The dumbest fucking guy on the planet.
The Invoice
General Tommy Franks commanded the Iraq invasion. Two hundred and fifty thousand troops. Four stars. When asked about Feith, Franks reportedly said he was “the dumbest fucking guy on the planet.” Franks did not issue a correction. Franks did not clarify his remarks. Franks did not say he was taken out of context. Franks commanded a quarter million people in combat and then went home and described the Under Secretary of Defense for Policy with a profanity and a superlative. The profanity was earned. The superlative was generous.
Feith left the Pentagon in 2005. He wrote a memoir called War and Decision. He joined the faculty at Georgetown University, where he teaches national security strategy. The man who bypassed the intelligence community, manufactured the case for a war that killed hundreds of thousands, and ran an office where an analyst was convicted of espionage is now teaching the next generation how to think about national security. Georgetown charges sixty thousand dollars a year for this education. The students are getting a masterclass in institutional failure delivered by its architect. Whether they know it is another question.

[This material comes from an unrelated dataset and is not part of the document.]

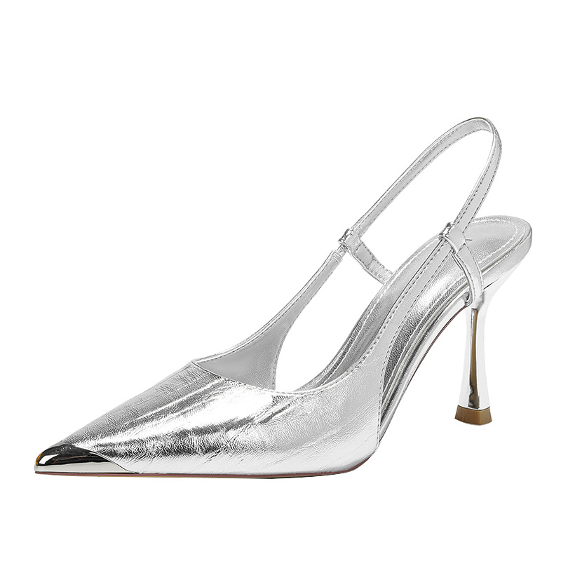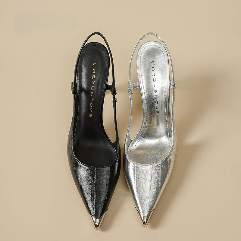 실버 샌들 여성용 2025 년 여름 새로운 프랑스 스타일 우아한 하이 엔드 느낌 Baotou 빈 스커트 스틸레토 힐 하이힐 신발스토어 가기

Harvard. Georgetown. Under Secretary of Defense. Every credential the system offers. And the man could not tell the difference between intelligence and wishful thinking—or worse, he could, and he chose the thinking that produced a war. Either interpretation ends in the same place: a country in flames and a man at a lectern explaining why it wasn’t his fault.
Broke. As. Fuck.
RESONANCE
Kwiatkowski, Karen. (2007). “Former Pentagon Staff Speaks Out on Crimes of Doug Feith, Dick Cheney, and Planning of Iran War.” Let’s Try Democracy. https://davidswanson.org/former-pentagon-staff-speaks-out-on-crimes-of-doug-feith-dick-cheney-and-planning-of-iran-war/. Summary: Pentagon insider describes Feith’s Office of Special Plans as an information manipulation operation that produced inflammatory data presented as vetted intelligence.
Militarist Monitor. (2011). “Office of Special Plans.” Militarist Monitor. https://militarist-monitor.org/profile/office_of_special_plans/. Summary: Documents the OSP’s role in producing skewed intelligence and notes that Michael Rubin defended Feith’s office in 2011, accusing its critics of cherry-picking sources.
United States Senate Armed Services Committee. (2007). “Briefing on the Department of Defense Inspector General’s Report on the Activities of the Office of Special Plans Prior to the War in Iraq.” GovInfo. https://www.govinfo.gov/content/pkg/CHRG-110shrg35438/html/CHRG-110shrg35438.htm. Summary: Pentagon Inspector General confirms Feith’s office produced alternative intelligence assessments inconsistent with the Intelligence Community consensus and disseminated them to senior decision-makers without disclosing the disagreements.